The boys in the castle schoolyard told him that Brahne Raza would not stay beautiful, but until his dying day he disagreed with all of his heart.
They said that all peasants had animal ancestors, and that Brahne was descended from an elephant. If he kissed her pretty young face, she would sprout a trunk. The prince threw his first punch. As the startled, bloody boy looked up at him, the prince made his first decree. All men are equal. Mankind has nothing to do with it.
When the skies rained fire on the war-torn battlefield, he asked her father for her hand in marriage. The old Pluto Knight laughed at the young prince, and told him that men no longer made decisions in Alexandria.
The prince carried the body of her father over the mountains and out of the mist, showing the girl the wounds from the Burmecian's scythe. At ten, Brahne's eyes darkened, but she became altogether more radiant to him.
The King forbid their arrangement, there would be no peasant Queen. The prince smiled, knowing that men no longer made decisions in Alexandria.
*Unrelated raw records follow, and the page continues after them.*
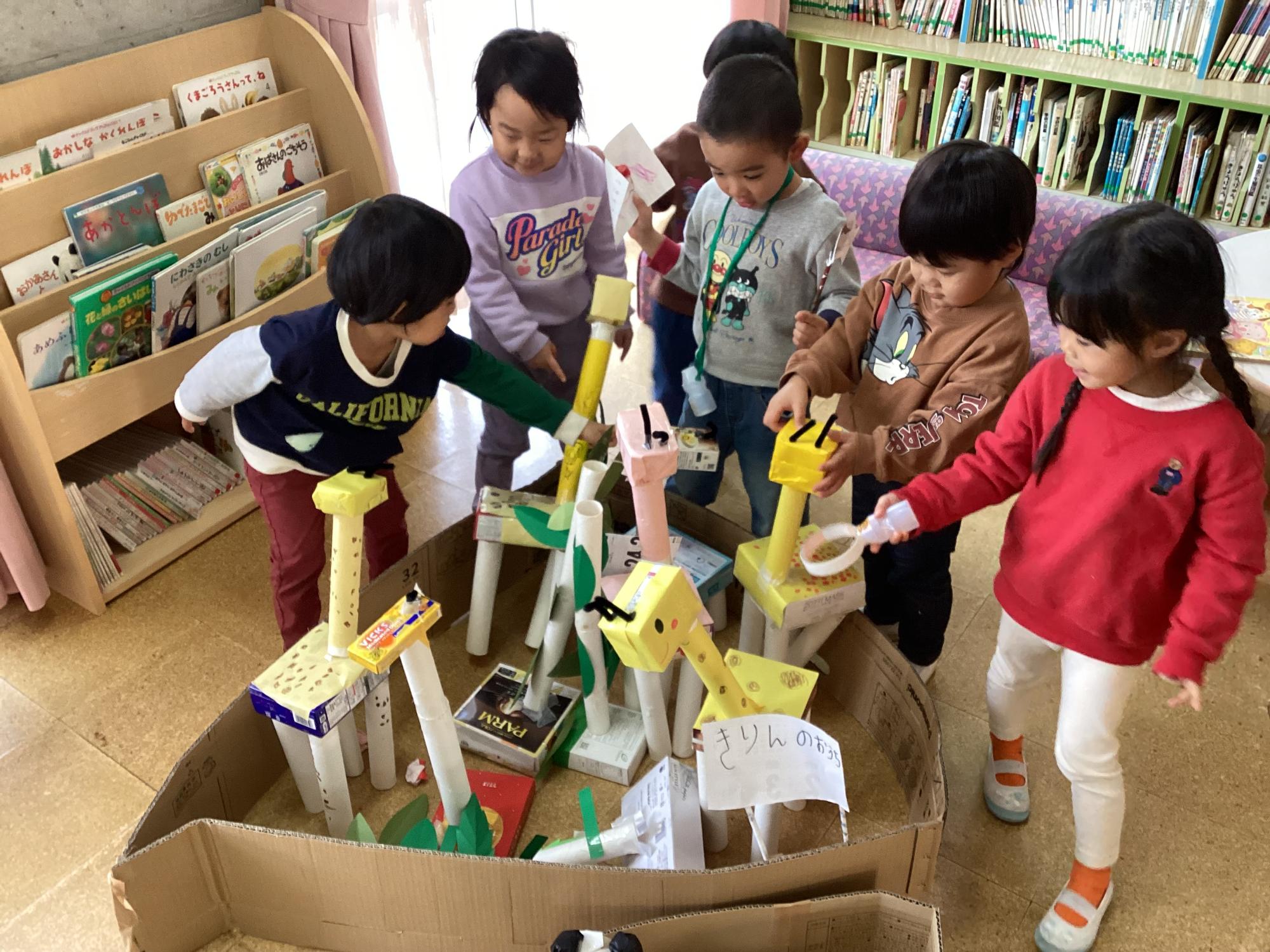 空き箱でいろいろな動物を作ったよ。動物園に行ってキリンを見たり、エサをあげたりしています。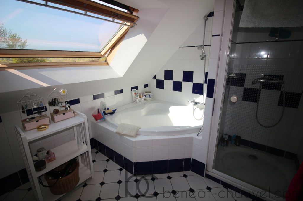 A l’étage se trouvent un dégagement, quatre chambres, une salle de bain avec douche et wc séparé.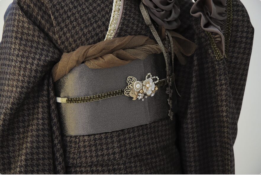 ゴールド&パールの小物使い 帯締めにはパールやラインストーンをあしらったデコラティブなものをチョイス。カーキの落ち着いた色味に、上品な輝きを添えるのがポイントです。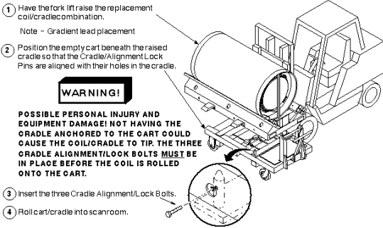 After having the fork lift truck remove the failed coil and cradle from the cart, the replacement body coil, on its cradle, must be loaded and taken to the scan room.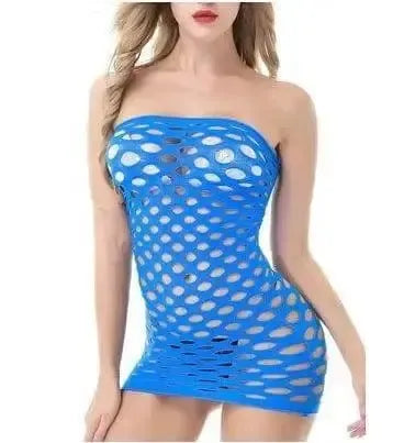 Vestido corto de red con agujero en la cadera para lencería femenina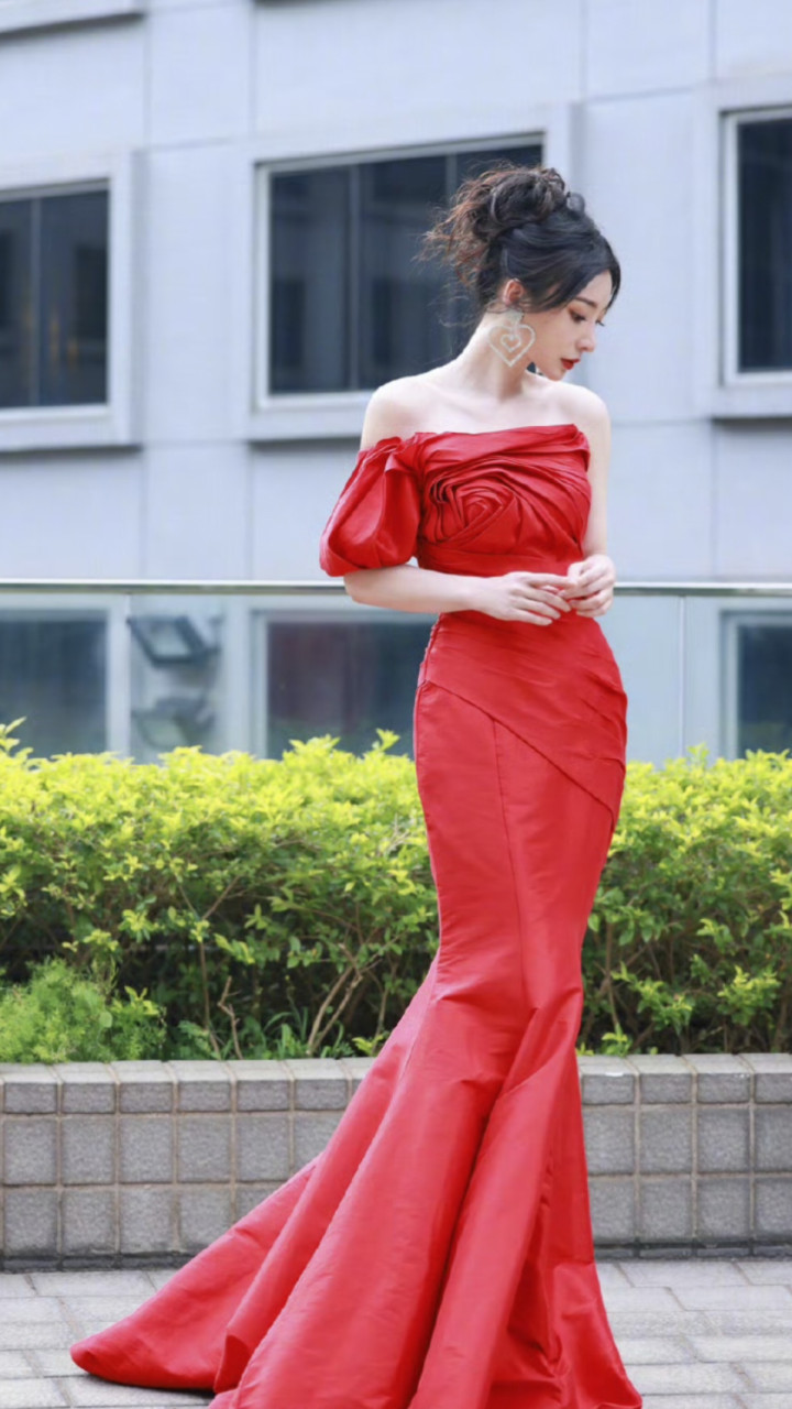 这是一款红色抹胸鱼尾拖尾礼服裙,也可称为红玫瑰造型礼服。 抹胸设计搭配不对称的立体玫瑰装饰,收腰剪裁勾勒出身体曲线,下半部分是鱼尾裙摆并带有拖尾,尽显优雅与华贵。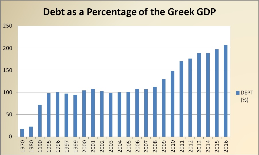 Εξέλιξη ελληνικού χρέους 1970-2016 σύμφωνα με την Eurostat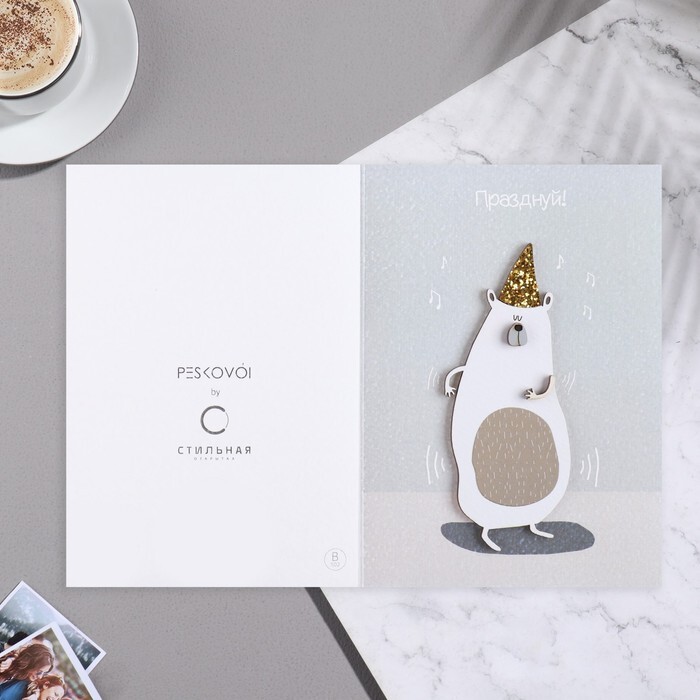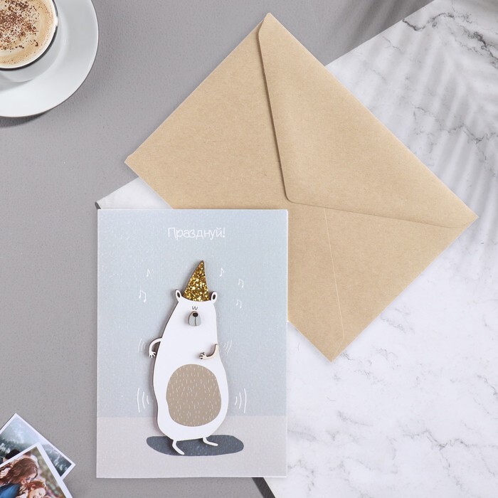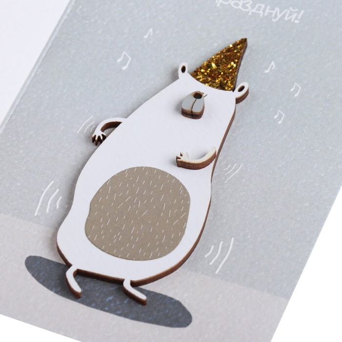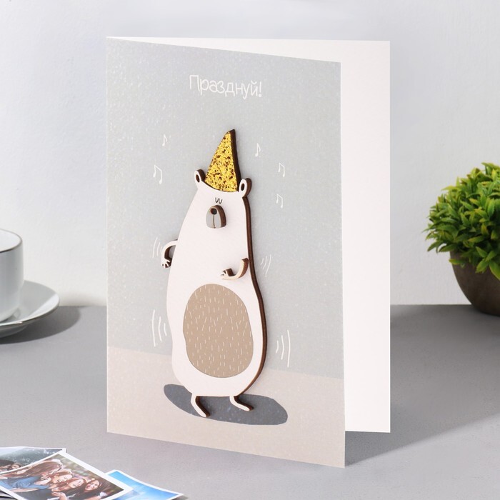 Открытка с деревянным элементом "Празднуй!" ручная работа, колпак, 14,7х10,5 см

A drop of poison in a chalice of mead silenced the kingdom's last patriarch. Brahne's marriage, coronation and sixteenth birthday began mere hours later. He kissed her soft lips, and opened his eyes to see that she was as beautiful as ever.
The marriage of peasantry and royalty united the kingdom. Brahne began to appoint the Pluto Knights, and all then men in Alexandria signed up just to see her. The Knights of Pluto were men. The old laws could not be bent, so the new King and Queen decreed that women should be allowed to join the Royal Alexandrian Army. All the women of Alexandria signed up, to see if they could come close to achieving her majesty's sublimity. As the Royal Army became predominantly female, some would say that the lady knights were more sublime than even Her Majesty. The King disagreed with all of his heart.
With the army's full and patriotism at an all time high, a war seemed likely -- but never had there been such a long stretch of peace between them and their neighboring kingdoms. The Queen reached out and helped the primitive Burmecians, building trade passages through the mountains, where her dying father had been carried years ago. The King saw her mercy towards those who had killed their people, and his heart filled up.
When Brahne's belly swelled withchild, the King kissed her trembling navel, and the lightning-like marks on her side. When she continued to grow after the baby was born, he only saw more to love. When the genetic deformities of her peasant heritage began to show, he wiped off her makeup and kissed the contours and ridges of filed-away tusks, and the patches of blue and gray skin.
When he lay in the royal bed, dying of a bestial disease, she came to his side and his delirium he took her for an angel. She told him to hold on, that her heart would shrivel without him.
He told her that if he chose to stay, it would matter not. Men do not make decisions in Alexandria. She told him that she ordered him to stay, and he smiled at her endless beauty and told her that all men are equal. Gender has nothing to do with it.
He slipped from her grasp, and in the bright travel towards the Shimmering Islands, he thought only of her.